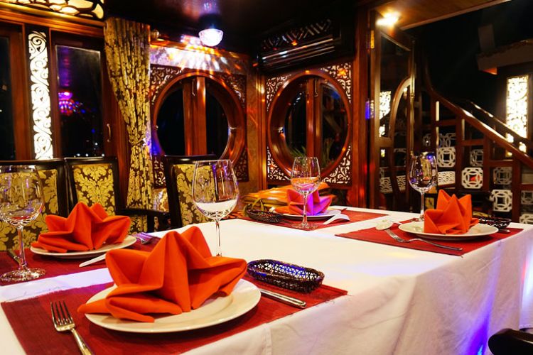 19.00 – 20.30 Hòa mình trong không gian ấm cúng lãng mạn tại nhà hàng – thưởng thức những đặc sản tươi ngon do chính đầu bếp trên tàu thực hiện
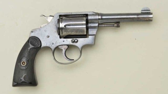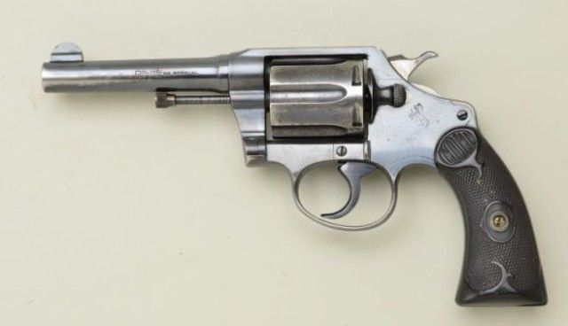 Colt Police Positive DA revolver, factory inscribed “W.F. & Co.” on butt strap, .38 Special cal., 4” barrel, blue finish, checkered black hard rubber grips, #149841. This gun is in overall very good + conditionshowing approx. 60% original finish, good bore, crisp action and sharp markings; grips are overall good with an old loss at the rear left toe; the type of revolver carried by Wells Fargo expressmen, agents or detectives. Est.: $500-$1,000.
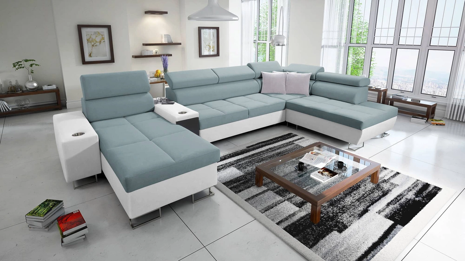 Narożnik Dafni V w kolorze arktyczny błękit / biały z regulowanymi zagłówkami to ciekawie prezentujący się mebel z gwarancją najwyższego komfortu i funkcjonalności.
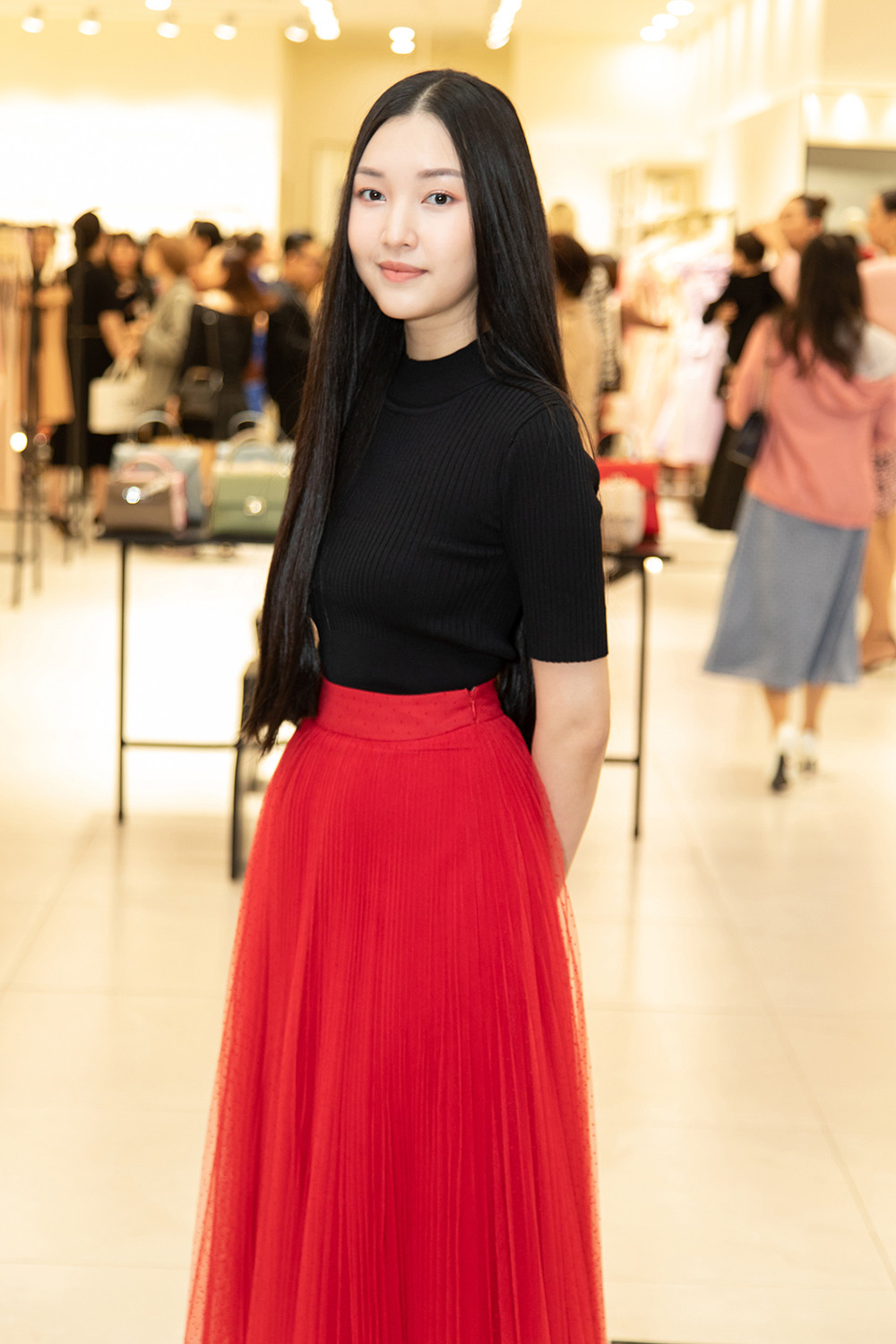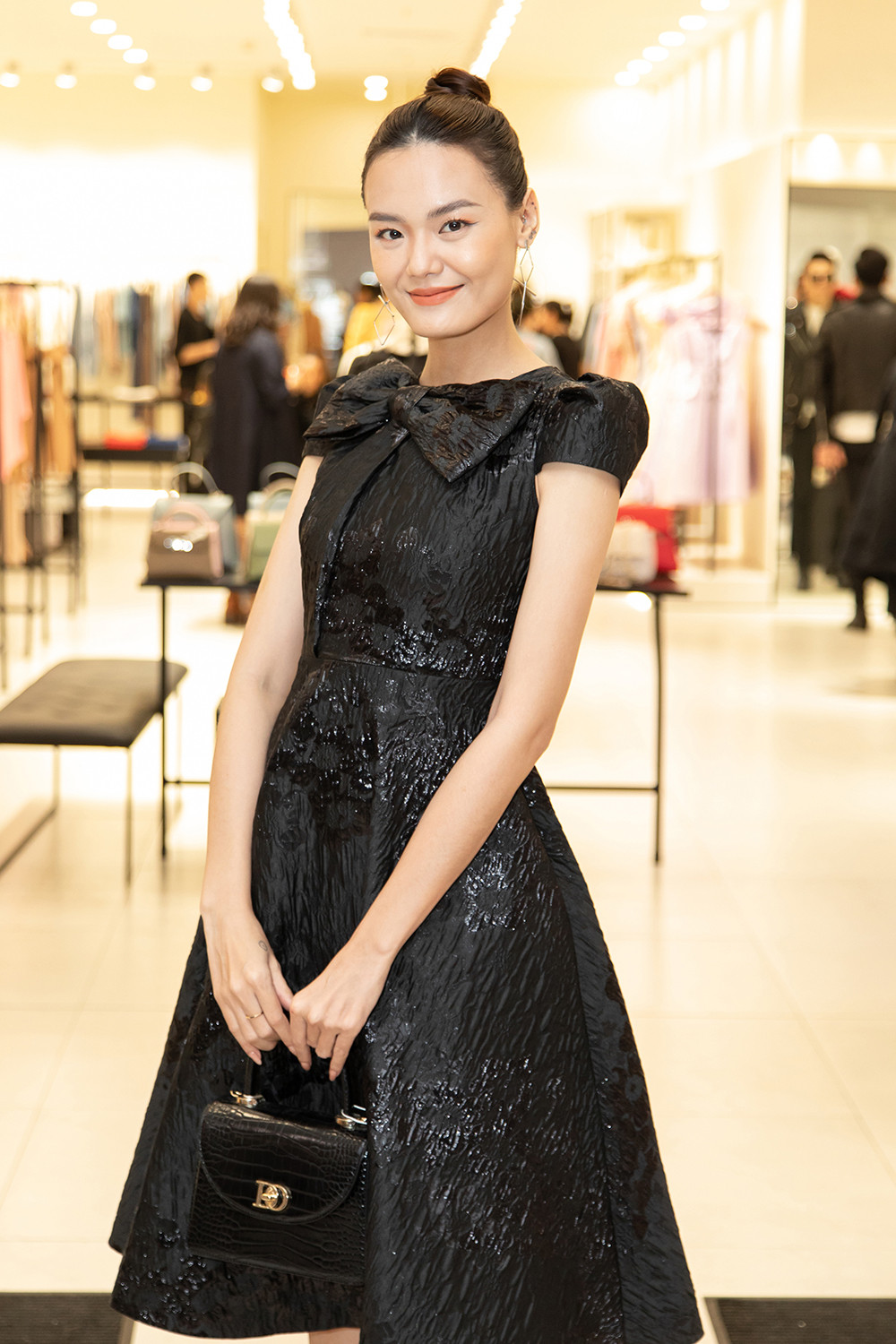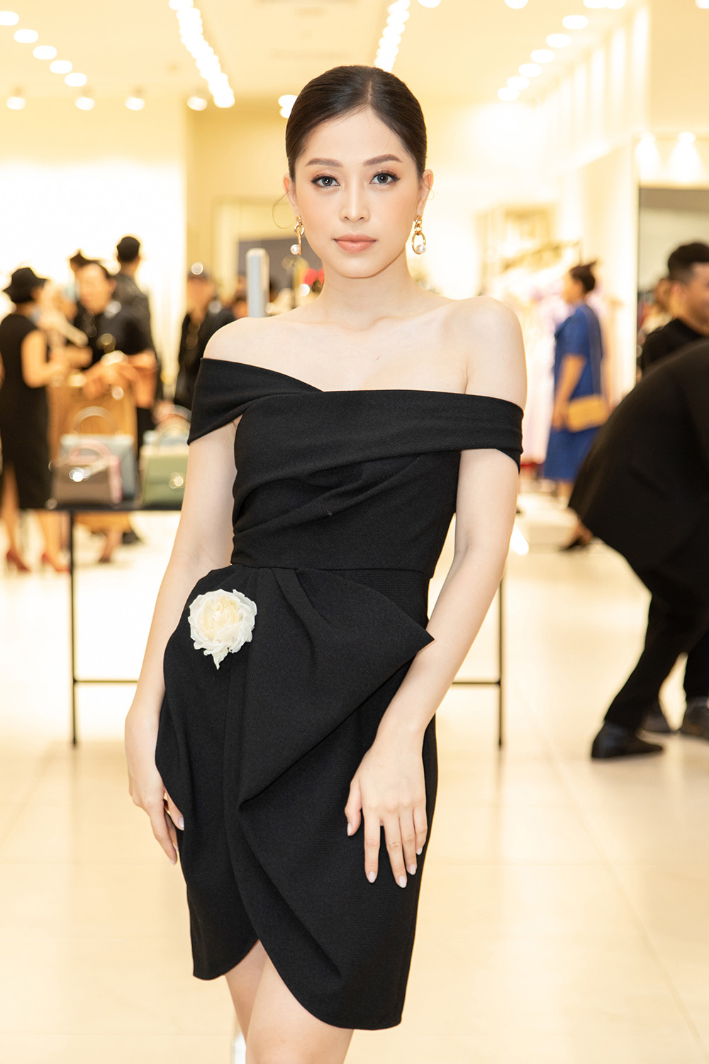 Sáng 28/11, Á hậu Phương Nga tới chúc mừng NTK Đỗ Mạnh Cường khai trương showroom mới tại Hà Nội. Cô diện thiết kế màu đen với điểm nhấn là bông hoa ở vòng eo cực kỳ thanh lịch.
_ _ _ _ _ _ _
**Problem:** Exact copy, pictures excluded: repeat the lines from the top of the material through the line with "Narożnik Dafni V".

**Response to this exercise:**
 19.00 – 20.30 Hòa mình trong không gian ấm cúng lãng mạn tại nhà hàng – thưởng thức những đặc sản tươi ngon do chính đầu bếp trên tàu thực hiện
 Colt Police Positive DA revolver, factory inscribed “W.F. & Co.” on butt strap, .38 Special cal., 4” barrel, blue finish, checkered black hard rubber grips, #149841. This gun is in overall very good + conditionshowing approx. 60% original finish, good bore, crisp action and sharp markings; grips are overall good with an old loss at the rear left toe; the type of revolver carried by Wells Fargo expressmen, agents or detectives. Est.: $500-$1,000.
 Narożnik Dafni V w kolorze arktyczny błękit / biały z regulowanymi zagłówkami to ciekawie prezentujący się mebel z gwarancją najwyższego komfortu i funkcjonalności.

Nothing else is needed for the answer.